Que la espada es el alma del samurái no es un exceso literario. La espada ocupa un lugar preeminente en el hogar de un guerrero. Le acompaña allá donde va, y cuando por cortesía debe desprenderse de ella, quién la toma lo debe hacer con la suficiente consideración y respeto, haciéndola descansar sobre una tela. Nadie puede tocarla más que su dueño, el cual recibe con satisfacción las alabanzas que sobre el arma se hagan. Pero el respeto es mutuo, es decir, el samurái no puede utilizar su espada si le invade la ira o de forma zafia. En este marco donde el honor se ha hipertrofiado haciéndose tan frágil como los pétalos de una flor, el mero roce de dos espadas, aunque sea involuntario, puede generar un conflicto tremendo cuyos extremos son de una violencia extrema. Refiere Richard Cohen, en su libro Blandir la espada, que el encuentro casual de dos samuráis al servicio del Emperador del Japón, ocasionó que sus aceros se encontraran accidentalmente, lo que después de varias peripecias derivó en el suicidio de los dos por entender que era la única manera de lavar la ofensa sufrida por sus espadas.

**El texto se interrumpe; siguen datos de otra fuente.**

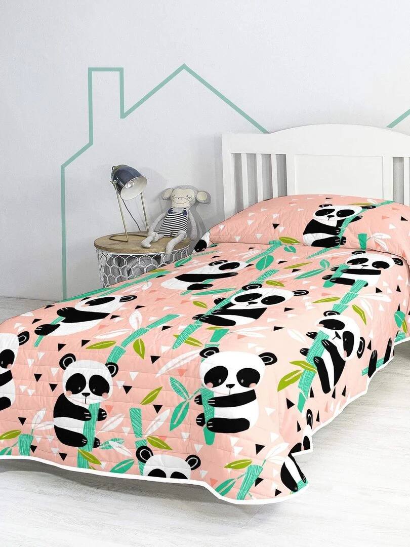 Couvre lit Panda garden "Happyfriday" Rose

Estas poderosas armas de corte eran capaces de penetrar en las armaduras, por lo general de cuero, y de frenar en seco una carga de caballería, puesto que empezaron a fabricarse con ese fin piezas de más de 1,30 de largo, capaces de seccionar las patas de los caballos. Su eficacia estaba fuera de toda duda, aún así, algunos samuráis utilizaban los cuerpos de desprevenidos campesinos para probar en ellos la capacidad de estas bellas, pero terribles armas. Puede pensarse que cada samurái escogía su espada, pues el maestro espadero (algunos se consideraban meros pulidores de almas) le mostraba un grupo de ellas para que este eligiera. Mas la tradición decía que no era así, que aquellas piezas cuya elaboración podía llevar hasta tres meses, eran las que escogían al guerrero, y lo hacían con la suficiente sutileza como para hacer pensar al mismo que solo de su voluntad dependía la elección.
El destino de muchos condenados a muerte era terrible, servían como "sparring" a uno de estos señores de la guerra; aprovechaban sus armas para hacer justicia a la que vez que probaban el buen temple del acero. Otras veces, el propio samurái se dedicaba a comprar cadáveres en los que poder practicar. Los fijaba en posición erguida mediante dos postes paralelos, a estos amarraba el cuerpo con la ayuda de cuerdas. Cuando consideraba que había practicado lo suficiente, devolvía aquellos restos mutilados a sus familiares, si los hubiera, pagando a cambio el funeral del mismo. Tameshigiri se llamaba a esta forma de ejercitar el metal. En cualquier caso un samurái pertenecía a esa casta social que podía matar a un campesino o comerciante sin necesidad de justificar sus actos, ni por supuesto, ser encausado por ellos. Pero no eran los únicos, cualquier miembro de las castas guerreras de la India podía matar a un hombre de una casta inferior por el mero hecho de coincidir en el mismo sendero (1).
Los samuráis tuvieron un origen rural y en puridad su único propósito era el de enriquecerse lo más rápido posible merced a su fuerza física y habilidades guerreras. Originalmente pueden considerarse como meros bandoleros. Asesinos y violentos a los que el concepto del honor, la disciplina y la lealtad eran totalmente extraño. No obstante, traspasado el siglo XI los encontramos ya adscritos por juramentos de lealtad a clanes liderados por señores feudales.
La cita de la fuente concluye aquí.